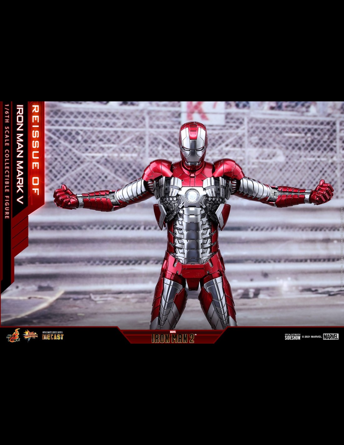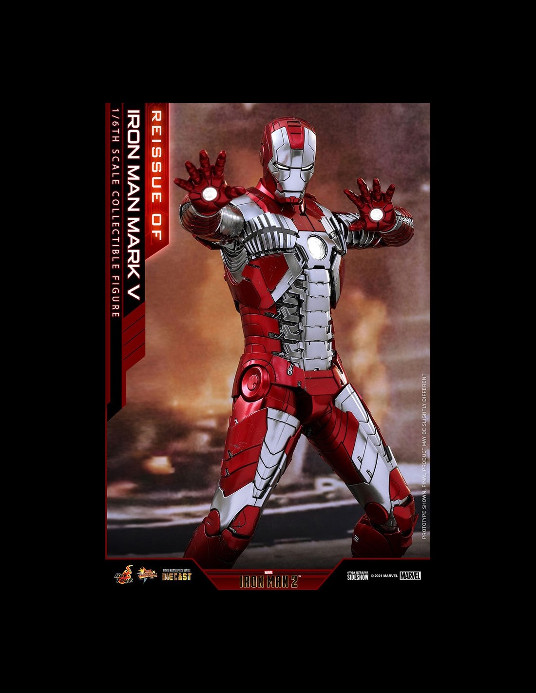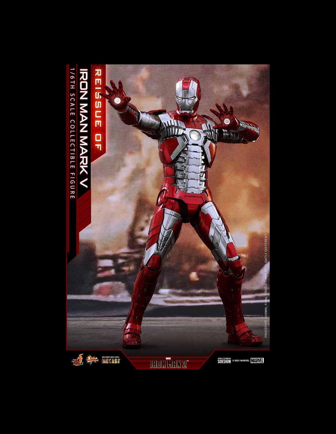 Sideshow and Hot Toys is pleased to reissue the Iron Man Mark V Sixth Scale Collectible Figure for fans who had missed its first release! Inspired by the signature appearance of Iron Man Mark V in Iron Man 2, the truly detailed Suitcase Armor figure in diecast has articulated armor pieces and highly poseable structure to recreate the fancy scenes.
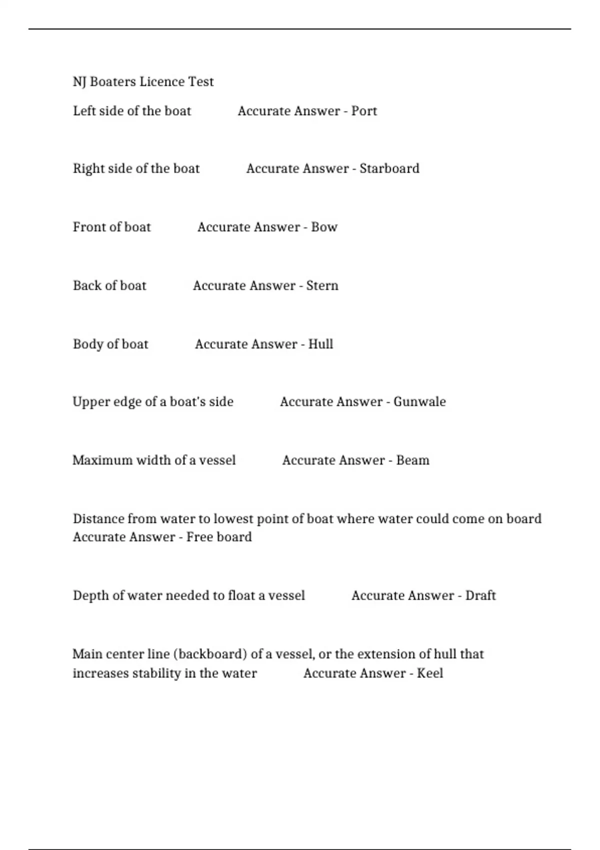 Front of boat Accurate Answer - Bow
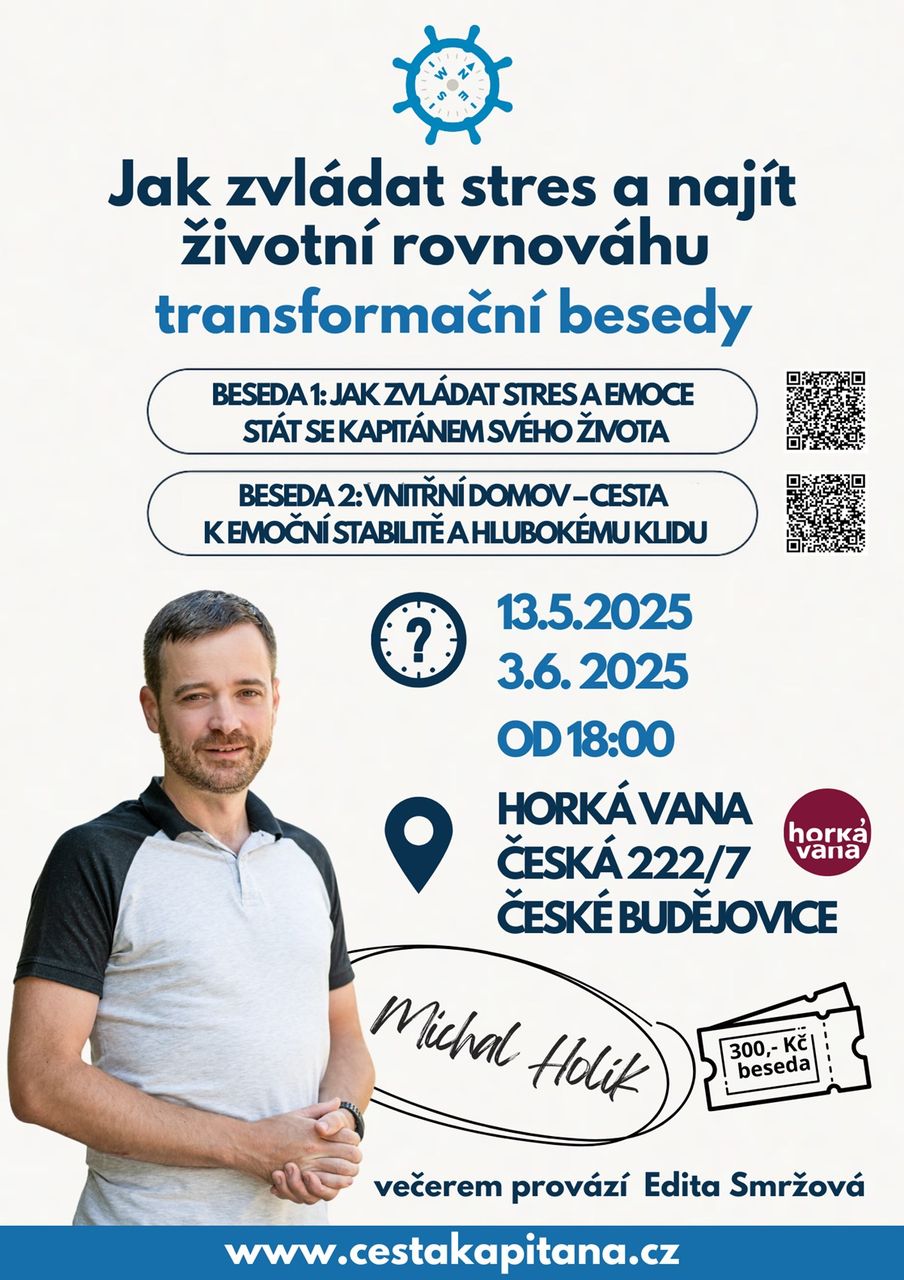 Přijďte na dvě jedinečné besedy, kde se naučíte, jak přestat být otrokem emocí a stát se Kapitánem svého života.
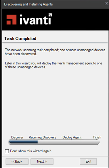 In the "Discovering and Installing Agents" wizard, the "Task Completed" box appears, saying "one or more unmanaged devices have been discovered", as shown below.
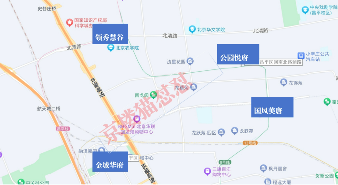 昌平新城——也就是南邵板块,主要新盘有建发观堂府,很快就会开盘接下来猫子开始提问了。这四个板块,大家能不能找出一个最另类的,和其他三个板块气质上不太一样的出来?好,现在我要揭晓答案了——
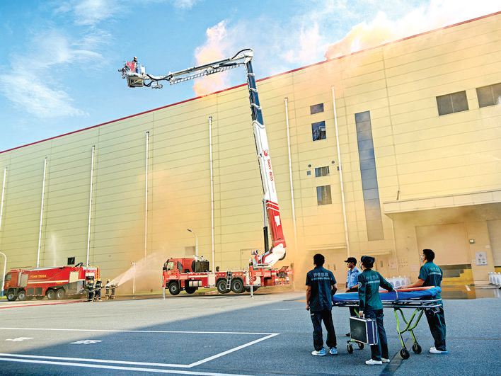 演练现场利用高空云梯车救援被困人员

+++++

> Assignment:
From the line that holds "Přijďte na dvě" to the last line of the records, please copy each line exactly and nothing else. Pictures stay out.

> Solution for this task:
 Přijďte na dvě jedinečné besedy, kde se naučíte, jak přestat být otrokem emocí a stát se Kapitánem svého života.
 In the "Discovering and Installing Agents" wizard, the "Task Completed" box appears, saying "one or more unmanaged devices have been discovered", as shown below.
 昌平新城——也就是南邵板块,主要新盘有建发观堂府,很快就会开盘接下来猫子开始提问了。这四个板块,大家能不能找出一个最另类的,和其他三个板块气质上不太一样的出来?好,现在我要揭晓答案了——
 演练现场利用高空云梯车救援被困人员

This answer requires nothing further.